Source data
• • • •

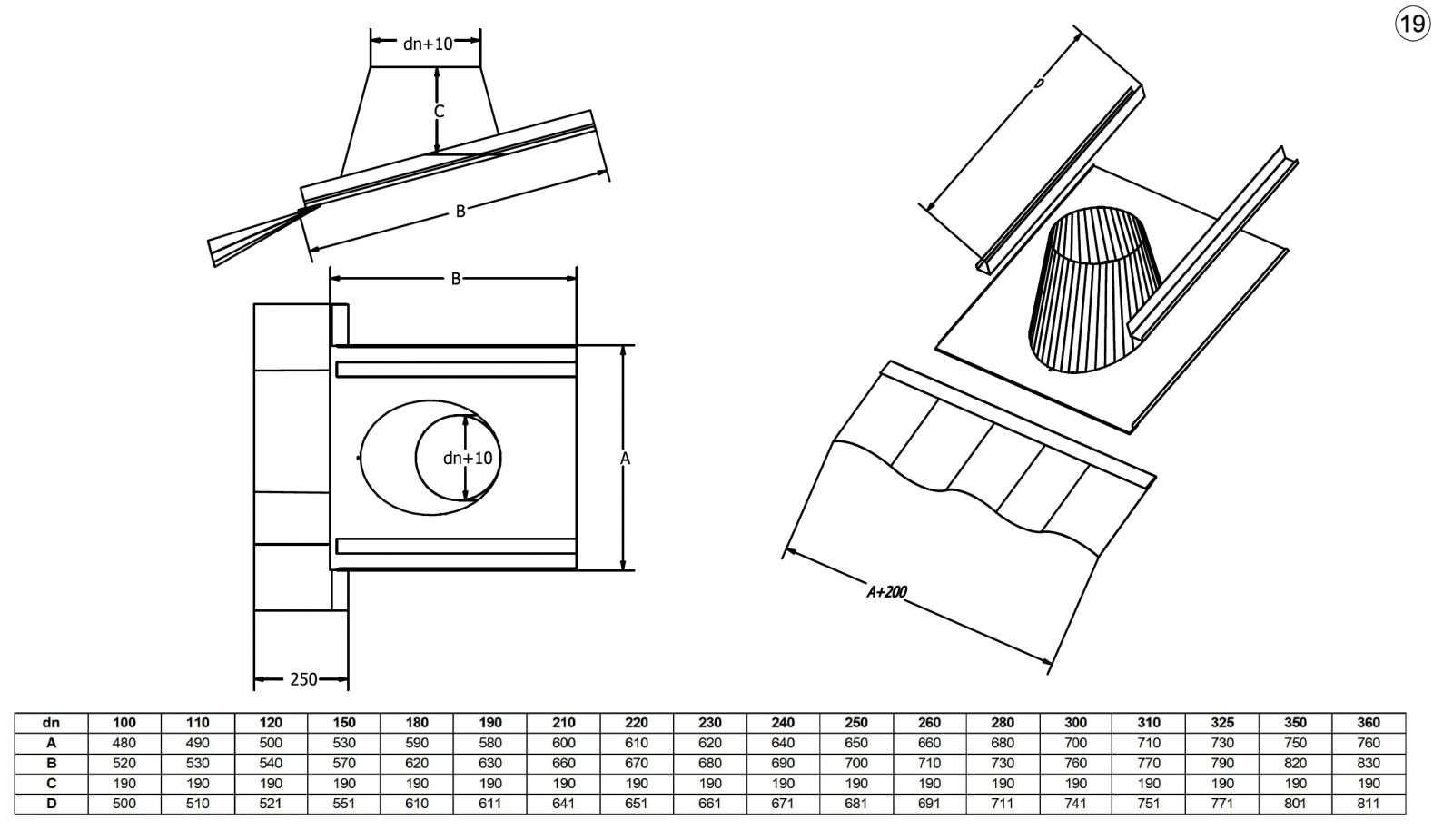 je určen k oplechování nerezového izolovaného komínu o vnějším průměru 190 mm. Chrání otvor mezi střešní krytinou a komínem a zabraňuje zatékání dešťové vody do konstrukce střechy. Součástí střešního přechodu je i protidešťová manžeta. Pomocí olověného pásu vytvarujeme profil střešní krytiny. Tento prostup je určen pro střechy se sklonem 5-30° (profilované krytiny: tašky, vlnitý plech, atd.).
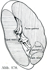 [図170]脾臓の内臓面 他の器官との接蝕面をしめす.(1/3)
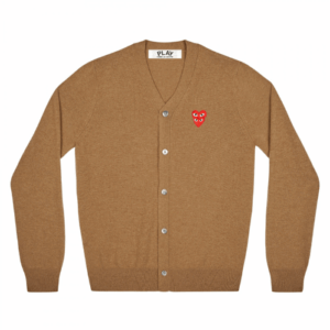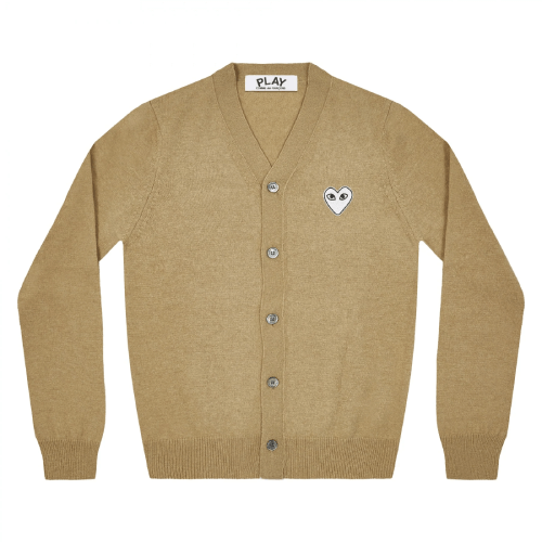 CDG Play Cardigan White Heart Natural Series Camel is the perfect blend of sophistication, comfort, and iconic streetwear style. Designed by the renowned Japanese fashion house Comme des Garcons, this men’s cardigan is part of the coveted Natural Series collection—offering a warm, earthy tone in an elegant camel color that complements any wardrobe.
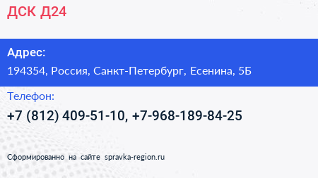 ДСК Д24 по адресу 194354, Россия, Санкт-Петербург, Есенина, 5Б в дальнейшем Организация, размещена в следующих категориях:
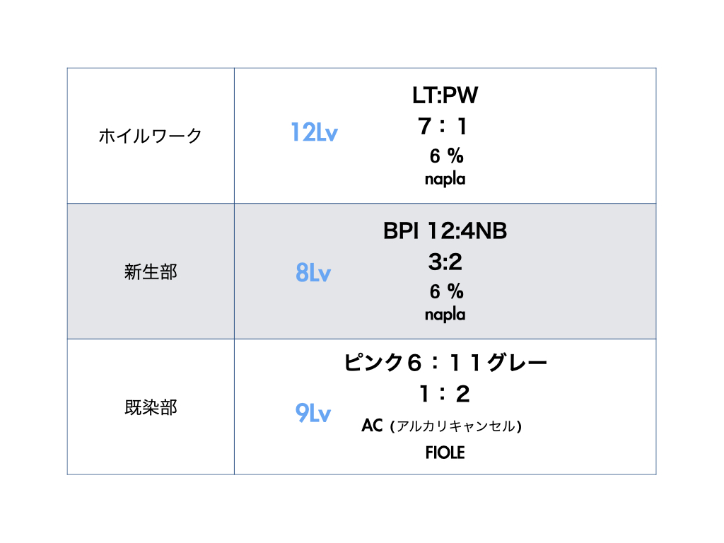 *新生部に8Lvとあるのは、根元だけ明るくならないようにするため
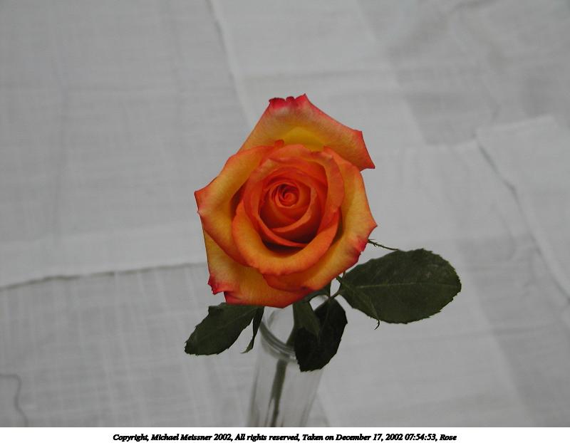 Picture #79: Rose #2 800x622, 62,612 bytes (62K), (html file) Copyright, Michael Meissner 2002, All rights reserved Olympus C-2100UZ camera f/8.0, ISO 100, 1/125 sec, 12.0mm, manual mode, SHQ, matrix metering 35mm equivalent focal length 67.0mm Taken by Michael Meissner on December 17, 2002 07:55:22 Last modified on December 17, 2002 at 08:13 Shutter speed of 1/125 or 1/250 may indicate use of flash |

• • • •

What the task asks: Retype every entry exactly as written, but omit the pictures.

Exercise solution:
 je určen k oplechování nerezového izolovaného komínu o vnějším průměru 190 mm. Chrání otvor mezi střešní krytinou a komínem a zabraňuje zatékání dešťové vody do konstrukce střechy. Součástí střešního přechodu je i protidešťová manžeta. Pomocí olověného pásu vytvarujeme profil střešní krytiny. Tento prostup je určen pro střechy se sklonem 5-30° (profilované krytiny: tašky, vlnitý plech, atd.).
 [図170]脾臓の内臓面 他の器官との接蝕面をしめす.(1/3)
 CDG Play Cardigan White Heart Natural Series Camel is the perfect blend of sophistication, comfort, and iconic streetwear style. Designed by the renowned Japanese fashion house Comme des Garcons, this men’s cardigan is part of the coveted Natural Series collection—offering a warm, earthy tone in an elegant camel color that complements any wardrobe.
 ДСК Д24 по адресу 194354, Россия, Санкт-Петербург, Есенина, 5Б в дальнейшем Организация, размещена в следующих категориях:
 *新生部に8Lvとあるのは、根元だけ明るくならないようにするため
 Picture #79: Rose #2 800x622, 62,612 bytes (62K), (html file) Copyright, Michael Meissner 2002, All rights reserved Olympus C-2100UZ camera f/8.0, ISO 100, 1/125 sec, 12.0mm, manual mode, SHQ, matrix metering 35mm equivalent focal length 67.0mm Taken by Michael Meissner on December 17, 2002 07:55:22 Last modified on December 17, 2002 at 08:13 Shutter speed of 1/125 or 1/250 may indicate use of flash |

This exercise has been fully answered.